Portanto, o fator usina é determinante para a arrecadação do município, tanto pelo ICMS quanto pelos royalties. Minha percepção é de que o município poderia estar mais avançado, considerando o fato de ter uma hidrelétrica em seu território e o impacto que isso tem em arrecadação. Em 2016 o valor total do ICMS que retornou para o município foi de cerca de 28,2 milhões de reais
RBJ. Segundo o IBGE em 2017 o total de receitas realizadas foi de cerca de 78 milhões de reais. Valores significativos para um município de 17 mil habitantes. 

Apenas um aspecto, mas um dos mais fáceis de visualizar, a pavimentação asfáltica. Ainda existem algumas ruas mais afastadas sem qualquer tipo de pavimentação, e outras até mais centrais, pavimentadas com pedra irregular, também conhecido como calçamento. O que tem sido feito em termos de pavimentação, se deve em boa parte de recursos de estado/emendas parlamentares etc.

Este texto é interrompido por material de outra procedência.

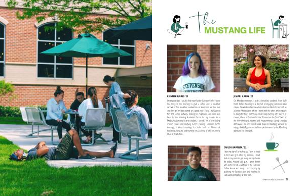 CARLOS BAUTISTA ' 22 I start my day off by waking up 7 a . m . to head to the Caves gym . After my workout , I head back to my room to get ready for my classes for today . Around 5:00 p . m . I grab dinner with some friends , and head to the Garrison Coffee House and study . I end my day by grabbing my lacrosse gear and heading to Club Lacrosse Practice at 9:00 p . m . stevenson . edu / admissions | 05
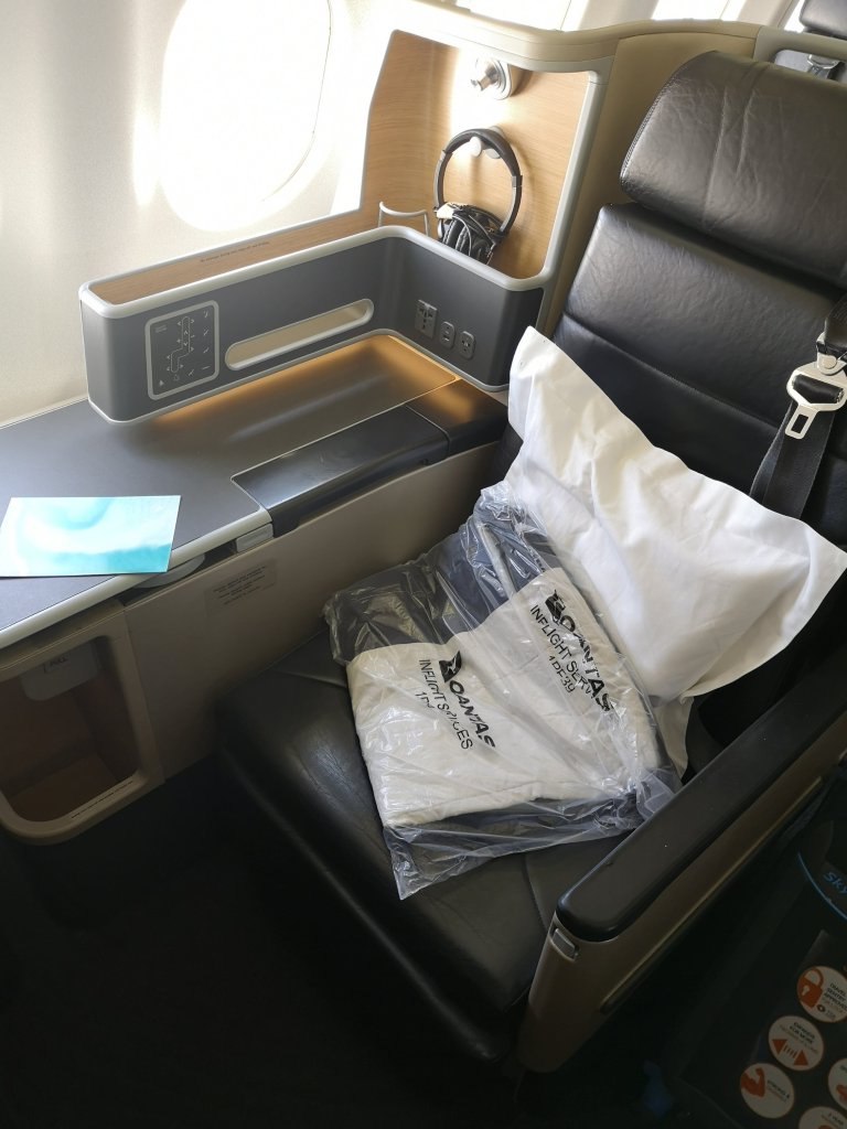 I am sitting in seat 3H in the middle of the Business Class cabin on this Airbus A330-300 Qantas flight bound for Sydney. I have used 25,000 miles to upgrade my ex-work paid ticket. Pretty good use of miles considering Business Class on this route is extremely expensive.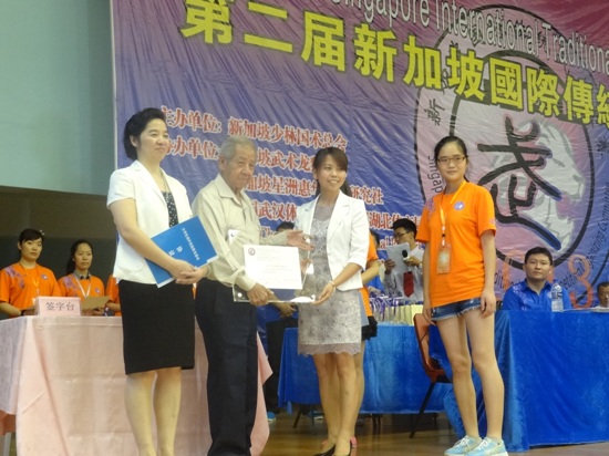 2013第二届新加坡国际传统武术大赛于7月20、21日在新加坡裕廊东国家体育馆举行,新加坡国会议员连荣华先生、新加坡少林国术总会主席、大赛组委会主席郑荣源先生出席大赛,中国国家体育总局武术研究院秘书长、中国武术协会段位制办公室主任康戈武任大赛中国武术段位制主考官,中国武术九段、国际级武术裁判张山担任大赛总裁判长。大赛吸引了来自十几个国家的武术团体踊跃参与,来自中国ok138cn太阳集团、江汉大学、武汉轻工大学、中国地质大学等9所高校40余名学生担任大赛志愿者。我校作为唯一一所合作高校,在大赛闭幕式上与组委会签订了“ok138cn太阳集团-新加坡国际传统武术大赛组委会大学生海外实践教育基地”合作协议并授牌。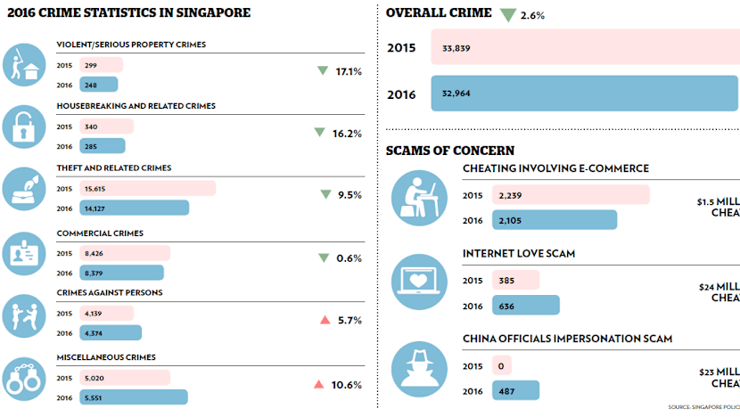 The Chinese officials impersonation scam was a new development last year, with no such case reported in 2015. Such scams see the perpetrator pose as a Chinese official who call victims claiming that they are wanted by the authorities for illegal activities. The victims were asked to remit money to “clear their name”.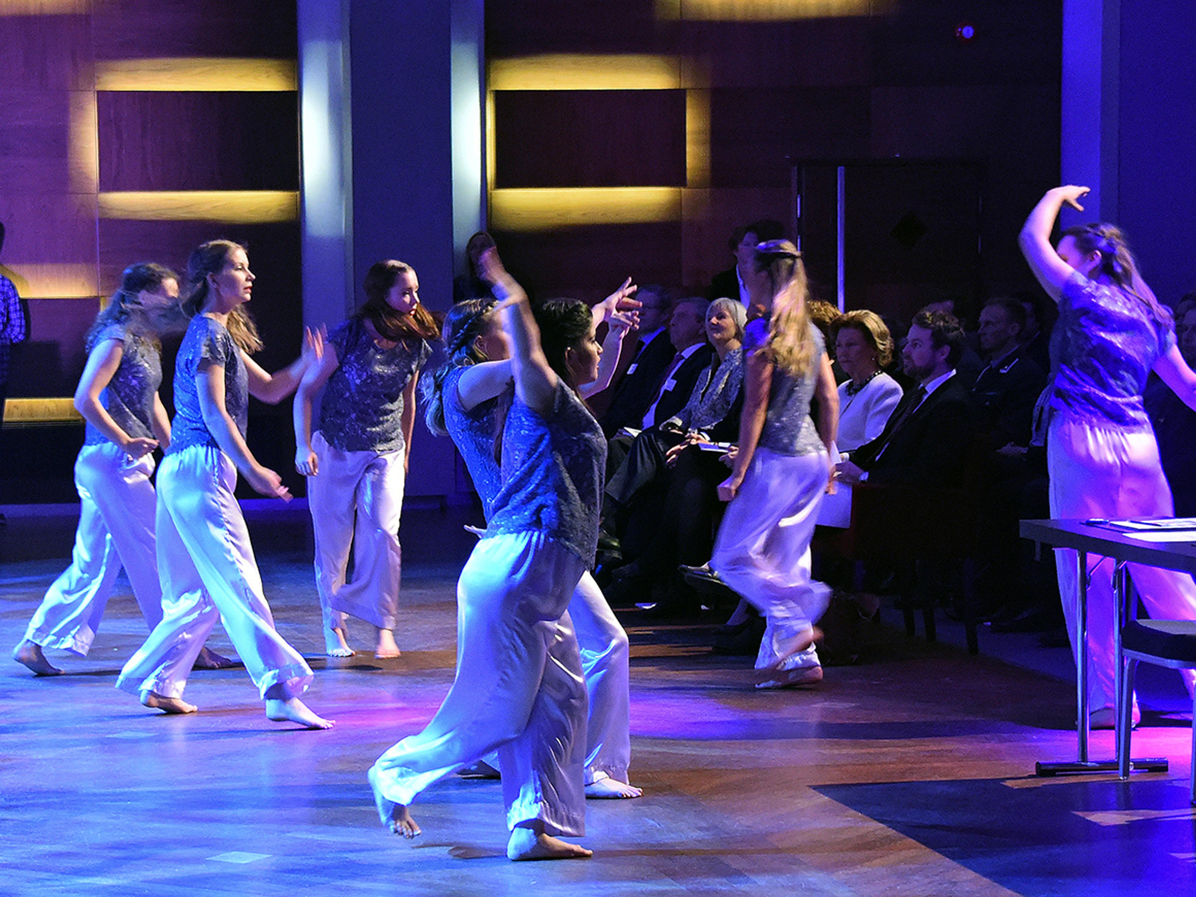 Dronning Sonja holdt ingen tale i dag. Hennes innlegg hadde i stedet form av et intervju. På spørsmål fra Kronprinsen fortalte Dronningen om hvordan prisen ble til, sine møter med skolene og om hvorfor inkludering og likeverd er kvalitetene prisens jury vurderer kandidatene etter.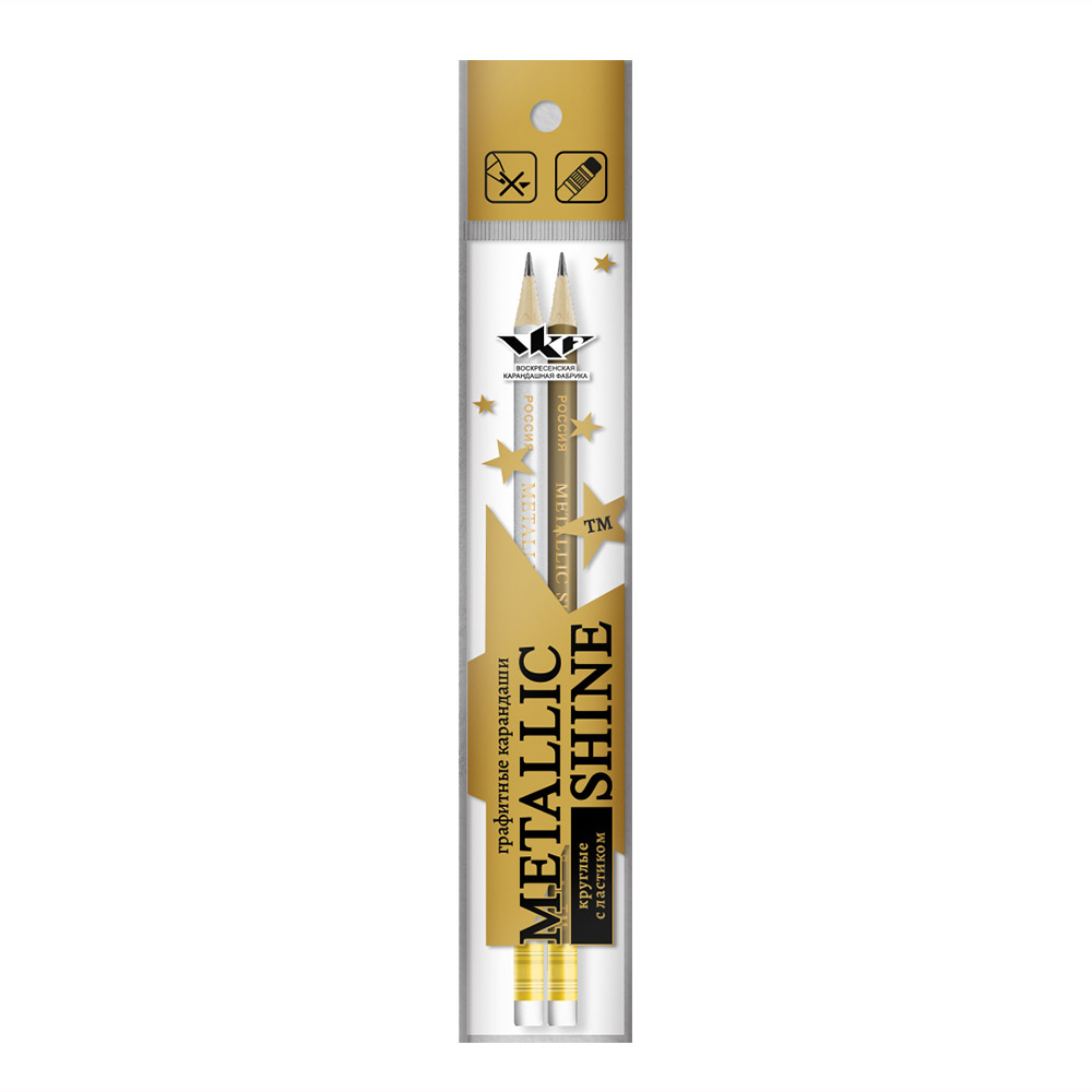 Карандаши круглой формы корпуса в золотом и серебряном цвете серии METALLIC SHINE. Стильный дизайн и цвет создают удивительный по красоте карандаш.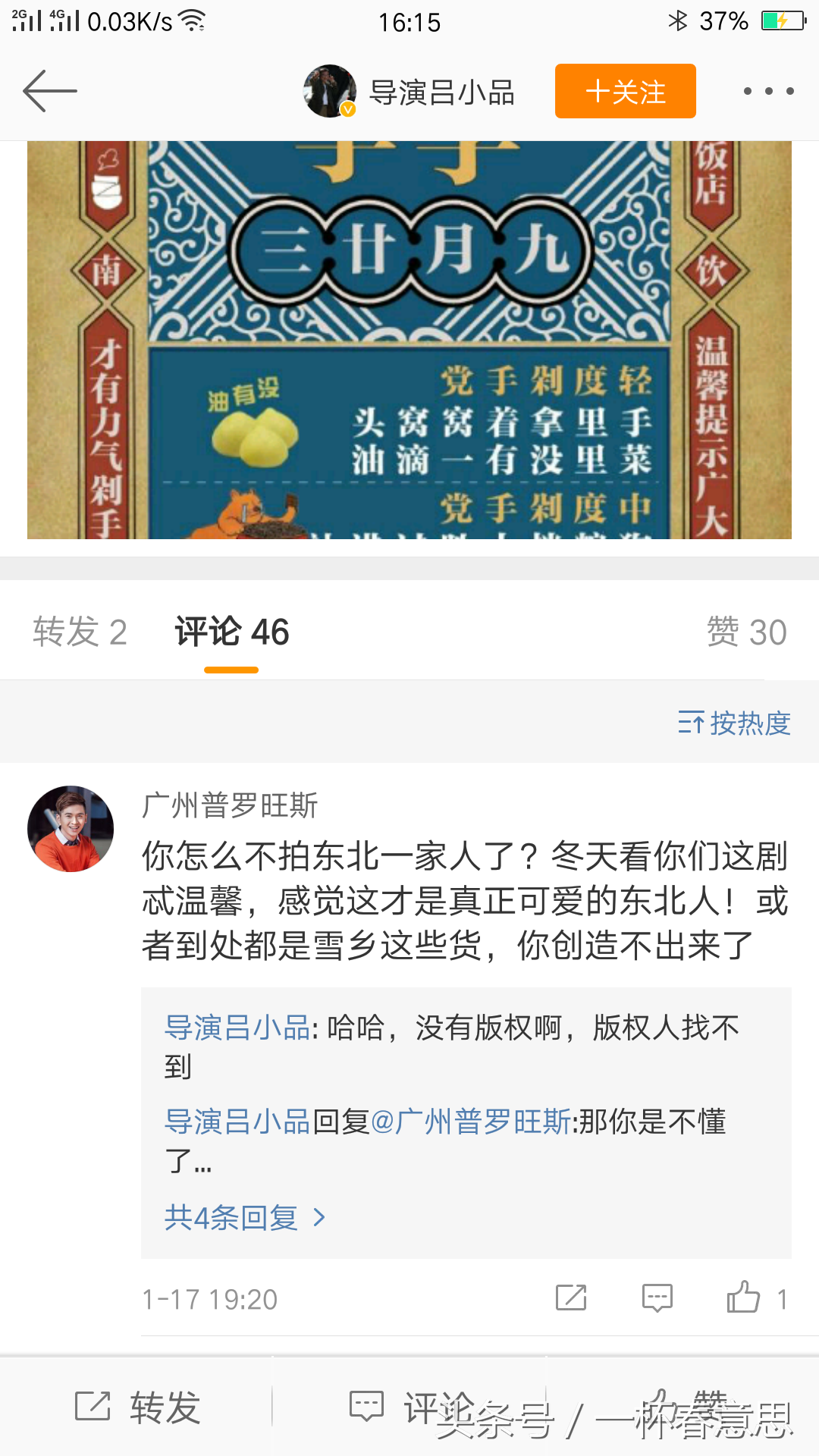 吕小品的微博粉丝只有一万多人,有网友在他的微博下留言,让他去拍《东北一家人》的续集,他无奈地回应道:想拍,但是没有版权。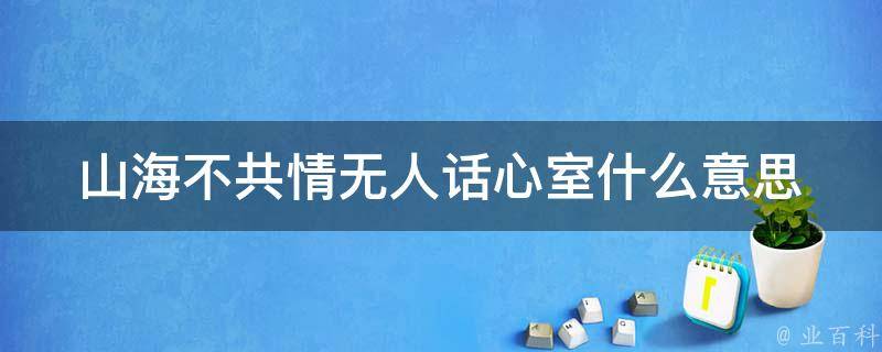 山海不共情无人话心室的意思是山与海无法与自己共情,没有知心的人可以说话。山海指的是山与海,喻指荒远偏僻之处,比喻高深、繁多或重大,也指山珍海味。共情指的是深入对方内心去体验他的情感、思维,把自己的共情传达给对方,以影响对方并取得反馈。

Pra mim que a cidade já tinha que estar toda asfaltada...Mas vendo um outro lado quanto a esse assunto, é que mesmo que a área urbana ainda tenha ruas de chão ou apenas com calçamento, já há alguns quilômetros de asfalto em estradas rurais.


Tive apenas uma hora para tirar as fotos antes de anoitecer, então foi bem corrido, as fotos não ficaram do jeito que gostaria e não consegui mostrar tudo o que tinha pensado, mas consegui pegar pontos diferentes da cidade. 

Então vamos às fotos!



*Mangueirinha – Paraná*










Embora por esse mapa na página da Wikipédia Mangueirinha estivesse na classificação por mesorregiões do IBGE, alterada em 2017, na antiga mesorregião do Centro-Sul do Paraná e não na do Sudoeste, segundo o Ipardes o município esta na região geográfica do sudoeste, conforme lei estadual de 2008. 

Área: 1.055,458 km²
População: 16.714 habitantes – estimativa IBGE 2019
Altitude: 921m
PIB per capita [2017]: R$ 76.171,90
Índice de desenvolvimento humano municipal (IDHM) [2010]: 0,688






01 - Entrada principal da cidade.










02










03 - Praça central, reformada esse ano. 










04










05










06 - Avenida Iguaçu, principal da cidade. 










07 










08 










09 - Igreja Matriz – Paróquia Imaculada Conceição 











10










11










12










13









14










15










16










17 - Rua lateral a um dos colégios estaduais, foi feito calçadão para facilitar a entrada e saída dos alunos. 










18










19










20










21










22









23










24










25










26










27










28 – Em Mangueirinha com exceção dos conjuntos habitacionais, as ruas são bem largas. Quase todas as ruas paralelas a avenida principal foram planejadas para serem avenidas também. Elas possuem duas pistas separadas por canteiro central. Quando foram asfaltadas, definiram por estacionamento nas laterais e junto ao canteiro, deixando uma faixa de rolamento em cada sentido. Não há necessidade, mas mesmo com os estacionamentos teria espaço tranquilamente para duas, três faixas pois as ruas são muito largas.










29 










30










31










32










33 – O maior supermercado da cidade. O “cocemal” - comercial de cereais mangueirinha ltda - foi comprado em 2018 pelo Italo, uma rede da região.










34










35 ¬- Rodoviária. 










36 - Prefeitura.










37 - Lateral da prefeitura e centro de eventos. 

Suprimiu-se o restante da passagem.